We have an entire agency - the US Government Publishing Office - whose job is to maintain the Congressional Record and handle all sorts of other printing and preservation requirements for the government. Why isn't congressional testimony there? Like, yes, it's bad for YouTube to delete congressional testimony, but isn't it worse to entrust YouTube with it in the first place?
Often it's much easier to understand another's research in the form of a presentation than a paper (papers give you the details but not necessarily the high level story), so, like it or not, YouTube is a significant scientific repository.
Allowing companies to centralize vital functions of our society because it brings them profit and then whining that they're profit-motivated is a losing game. That's all.
Imagine if we'd had all our discussions of the vaccine on Google+ and then it shut down. Nobody calls the Google+ shutdown "censorship," and yet it would have had exactly the same effect.
Sure, but it's not ALL conversations they are shutting down.
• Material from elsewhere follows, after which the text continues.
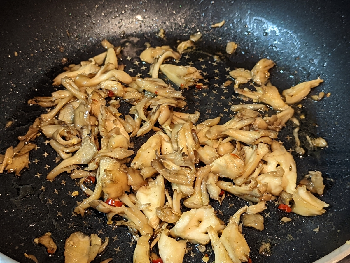 いつも面倒がってオリーブオイルときざみにんにくと唐辛子を一気に入れて熱するんですが、そこに舞茸を手でちぎりながらどんどん入れて、たまに混ぜつつ火を通します (レシピを検索したところきのこは火を通して食べるものらしい)。多分中火とか。味付けはよくわからないので、いつも鶏ガラスープの素を入れて茹で汁で溶かしているのと、今回はよりおいしくな〜れという思いで醤油と酒をなんとなく入れています。

Adn then it's a simple observation that if they are doing it for their ad revenue, then advertising companies are the ones deciding this. So then advertisers are the ones effectively allowing and disallowing the medical advise. I don't see that as ethical.
Again, if they come up with "universal" rules like "no discussion of this whatsoever", I would agree, but it is obviously clear there are right and wrong discussions based on what a corporation and/or their advertisers deem fit. This means they are indeed trying to advise the public with what medical actions to take, and people are not "going to another platform" for this.
YouTube's current policy isn't an accident or secret: "YouTube doesn't allow content that spreads medical misinformation that contradicts local health authorities’ or the World Health Organization’s (WHO) medical information about COVID-19. ... Don’t post content on YouTube if it includes any of the following: Claims that Ivermectin or Hydroxychloroquine are effective treatments for COVID-19" https://support.google.com/youtube/answer/9891785?hl=en (The part about Ivermectin or Hydroxychloroquine was added in early April.)
> What happens to confidence in public health and USG if ivermectin turns out to be safe and effective for COVID, and the genetic vaccines turn out to have signficant safety issues? This looks like a very plausible scenario from where I sit.